I hope this level of brevity was useful for netdev. See tsvwg@ietf.org 
for details.


Bob

> It is my considered opinion, indeed, that moving *away* from ECT(1) as the L4S identifier is the best option for improving that compatibility.
>
> I believe there is a much higher threshold required for adding such things to publicly maintained versions of Linux (as opposed to privately maintained experimental versions).
>
> - Jonathan Morton
Jonathan Morton Oct. 17, 2021, 12:18 p.m. UTC | #10
> On 17 Oct, 2021, at 2:22 pm, Bob Briscoe <ietf@bobbriscoe.net> wrote:
> 
>> I'll be blunter:
>> 
>> In its original (and currently stable) form, fq_codel is RFC-compliant.  It conforms, in particular, to RFC-3168 (ECN).  There's a relatively low threshold for adding RFC-compliant network algorithms to Linux, and it is certainly not required to have a published RFC specifically describing each qdisc's operating principles before it can be upstreamed.  It just so happens that fq_codel (and some other notable algorithms such as CUBIC) proved sufficiently useful in practice to warrant post-hoc documentation in RFC form.
>> 
>> However, this patch adds an option which, when enabled, makes fq_codel *non-compliant* with RFC-3168, specifically the requirement to treat ECT(0) and ECT(1) identically, unless conforming to another published RFC which permits different behaviour.
>> 
>> There is a path via RFC-8311 to experiment with alternative ECN semantics in this way, but the way ECT(1) is used by L4S is specifically mentioned as requiring a published RFC for public deployments.  The L4S Internet Drafts have *just failed* an IETF WGLC, which means they are *not* advancing to publication as RFCs in their current form.
> 
> [BB] Clarification of IETF process: A first Working Group Last Call (WGLC) is nearly always the beginning of the end of the IETF's RFC publication process. Usually the majority of detailed comments arrive during a WGLC. Then the draft has to be fixed, and then it goes either directly through to the next stage (in this case, an IETF-wide last call), or to another WGLC.

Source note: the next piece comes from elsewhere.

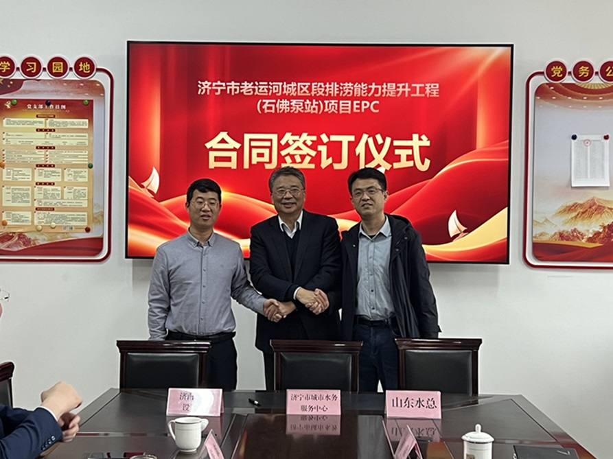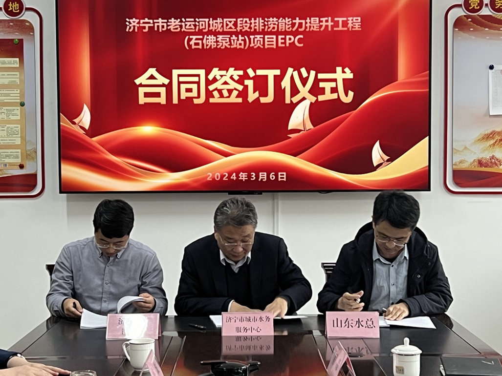 3月6日上午,第七分公司中标的济宁市老运河城区段排涝能力提升工程(石佛泵站)项目EPC合同签订仪式在济宁市城市水务服务中心举行。济宁市城乡水务局党组成员、副局长王卫东,济宁市城市水务服务中心主任闫新元,第七分公司总经理韩栋、副总经理常征等参加了签订仪式。
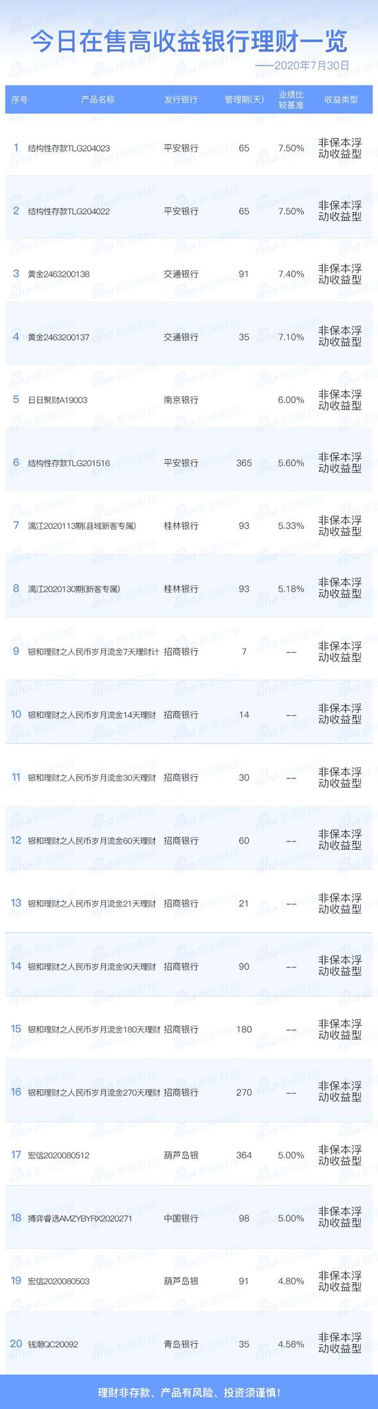 银行7月30日在售高收益理财产品

Further clarification: this is already the second WGLC for L4S.  The one two years previously (at Montreal) yielded a number of major technical objections, which remained unresolved as of this latest WGLC.

>> The primary reason for this failure is L4S' fundamental incompatibility with existing Internet traffic, despite its stated goal of general Internet deployment.
> 
> [BB] s/The primary reason /JM's primary objection /
> There is no ranking of the reasons for more work being needed.  The WG had already developed a way to mitigate this objection. Otherwise, a WGLC would not have been started in the first place. Further work on this issue is now more likely to be wordsmithing.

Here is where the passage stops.